OptiX Prime: disable automatic use of multiple GPUs?

Hi there, we are using OptiX Prime and are observing reduced performance when more than one CUDA devices are installed in the system.

We tracked it down to be due to OptiX Prime’s automatic distribution on multiple GPUs. We can alleviate it to some extent by using rtpContextSetCudaDeviceNumbers() after creating the OptiX Prime context, however we still observe unwanted memory allocations on all available CUDA devices by OptiX Prime.

Is there a way to disable automatic use of multiple GPUs both in terms of memory and computation resources when using OptiX Prime?

When using the environment variable CUDA_VISIBLE_DEVICES we can achieve the desired effect, however we would prefer not having to rely on this workaround as according to https://devblogs.nvidia.com/cuda-pro-tip-control-gpu-visibility-cuda_visible_devices/ this is supposed to be used for testing not in production.

Best regards

Just set the devices you want to use explicitly.

“However we still observe unwanted memory allocations on all available CUDA devices by OptiX Prime.”
Please explain.

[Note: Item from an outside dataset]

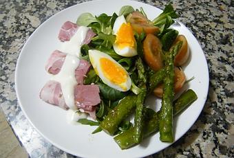 El otro día os hablé de como sin tiempo ni excesivas ganas podíais haceros un estupendo bocadillo mediterráneo, hoy traigo una rica ensalada con salsa de yogur.

When is that happening? How much memory is allocated? How did you measure that?

Mind that OptiX Prime is not supporting Turing RTX hardware RT cores.

Please always list the following system configuration information when asking about OptiX isuses:
OS version, installed GPU(s), VRAM amount, display driver version, OptiX major.minor.micro version, CUDA toolkit version used to generate the input PTX, host compiler version.

Here our setup:
OS: OpenSuse Leap 42.3
GPUs: 2x GeForce RTX 2070 with each 8 GB VRAM
Driver: 410.93
OptiX: 4.1.1
CUDA: 8.0
Compiler: GCC 5.4.0

As mentioned in my previous message we aware of rtpContextCreate() and rtpContextSetCudaDeviceNumbers() and it helps with the performance issues.

I am looking at the output of nvidia-smi and setting a breakpoint on the call to rtpContextCreate(). Before that call no compute process was listed in nvidia-smi. Once the call to rtpContextCreate() completes I see compute processes on both GPUs each having a memory usage of 129MiB. I.e. it allocates memory on all GPUs before I can call rtpContextSetCudaDeviceNumbers().

Once I call rtpContextSetCudaDeviceNumbers() the memory on the “unused” GPU reduces to 115MiB.

Thank you for the info. We will keep that in mind.

I’m surprised that the Turing boards work at all with OptiX 4.1.1. That is from July 2017.
Nothing will happen on that and you’re missing out on lots of performance improvements.

Please try the most current versions of OptiX 5 and esp. OptiX 6 which added Turing support.
As always, please read the release notes before setting up an OptiX development environment.
Not all combinations of OptiX, CUDA and host compilers are compatible.

“I.e. it allocates memory on all GPUs before I can call rtpContextSetCudaDeviceNumbers().”

My first guess is that this is the native CUDA context initialization itself. I don’t know if OptiX Prime latches onto an existing CUDA context like OptiX. You could try to create one for a single device and see if OptiX Prime uses that.

Especially on Turing RTX boards using OptiX 6.0.0 (not Prime) with ray casting and hardware triangle intersection is going to be more efficient than OptiX Prime.

Thank you for your reply. At the moment I am not able to try newer versions of OptiX and switching from OptiX Prime to OptiX is not an option at this point unfortunately.

I have tried to call cudaSetDevice prior to the call of rtpContextCreate(), however to no avail.

What I did however was to call cudeResetDevice() on all devices that I do not want to use. This frees up the resources and seems to work so far.

Is this safe, i.e. are there any guarantees that OptiX Prime is only using memory and computation resources of devices that are not listed in rtpContextSetCudaDeviceNumbers()?